= Peter–Weyl theorem =

Basic result in harmonic analysis on compact topological groups

In mathematics, the Peter–Weyl theorem is a basic result in the theory of harmonic analysis, applying to topological groups that are compact, but are not necessarily abelian. It was initially proved by Hermann Weyl, with his student Fritz Peter, in the setting of a compact topological group G (Peter & Weyl 1927). The theorem is a collection of results generalizing the significant facts about the decomposition of the regular representation of any finite group, as discovered by Ferdinand Georg Frobenius and Issai Schur.

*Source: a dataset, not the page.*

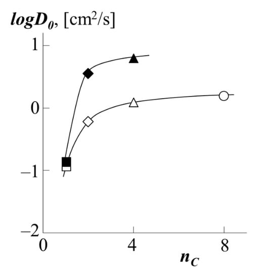 To carry out a quantitative comparison of the effect of the type of polyacrylate on the translational mobility of PS macromolecules in it, by analogy with [34,35], we used such a parameter as the number of carbons nC in the side chain (functional group). The value of this parameter changes in the order PMA → PEA → PBA → PEHA as 1 → 2 → 4 → 8. Figure 11 shows the corresponding dependence of the diffusion coefficients. It is clearly seen that with an increase in the side chain length by one fragment (PMA → PEA), there is a sharp increase in the diffusion coefficient both for PS-1 as a diffusant and for PS-2 one. In the case of the transition from PEA to PBA, and then from PBA to PEHA, the dynamics of the growth rate of PS migration into the polyacrylate matrix are not so high. We assume that this is due to the conformational features of the packing of polyacrylate chains with different side chain lengths. Following [35], we assume that the short methyl group of PMA does not prevent dense packing of macromolecular coils. Longer fragments of side radicals of ethyl and butyl groups form a looser macromolecular coil of polyacrylate, which in turn increases the vacancy volume of the matrix and facilitates the migration of PS macromolecules into it. The same fact is indirectly indicated by the calculated values of the density of polyacrylates (Table 1). It is especially worth noting that the dependence shown in Figure 11 has a similar form in the coordinates logD–(T-Tg), where (T-Tg) is the difference between the experiment temperature and the glass transition temperature of PA.

Let G be a compact group. The theorem has three parts. The first part states that the matrix coefficients of irreducible representations of G are dense in the space C(G) of continuous complex-valued functions on G, and thus also in the space L^{2}(G) of square-integrable functions. The second part asserts the complete reducibility of unitary representations of G. The third part then asserts that the regular representation of G on L^{2}(G) decomposes as the direct sum of all irreducible unitary representations. Moreover, the matrix coefficients of the irreducible unitary representations form an orthonormal basis of L^{2}(G). In the case that G is the group of unit complex numbers, this last result is simply a standard result from Fourier series.

==Matrix coefficients==
A matrix coefficient of the group G is a complex-valued function $\varphi$ on G given as the composition

$\varphi = L\circ \pi$

where π : G → GL(V) is a finite-dimensional (continuous) group representation of G, and L is a linear functional on the vector space of endomorphisms of V (e.g. trace), which contains GL(V) as an open subset. Matrix coefficients are continuous, since representations are by definition continuous, and linear functionals on finite-dimensional spaces are also continuous.

The first part of the Peter–Weyl theorem asserts (Bump 2004; Knapp 1986):

Peter–Weyl Theorem (Part I). The set of matrix coefficients of G is dense in the space of continuous complex functions C(G) on G, equipped with the uniform norm.

This first result resembles the Stone–Weierstrass theorem in that it indicates the density of a set of functions in the space of all continuous functions, subject only to an algebraic characterization. In fact, the matrix coefficients form a unital algebra invariant under complex conjugation because the product of two matrix coefficients is a matrix coefficient of the tensor product representation, and the complex conjugate is a matrix coefficient of the dual representation. Hence the theorem follows directly from the Stone–Weierstrass theorem if the matrix coefficients separate points, which is obvious if G is a matrix group (Knapp 1986). Conversely, it is a consequence of the theorem that any compact Lie group is isomorphic to a matrix group (Knapp 1986).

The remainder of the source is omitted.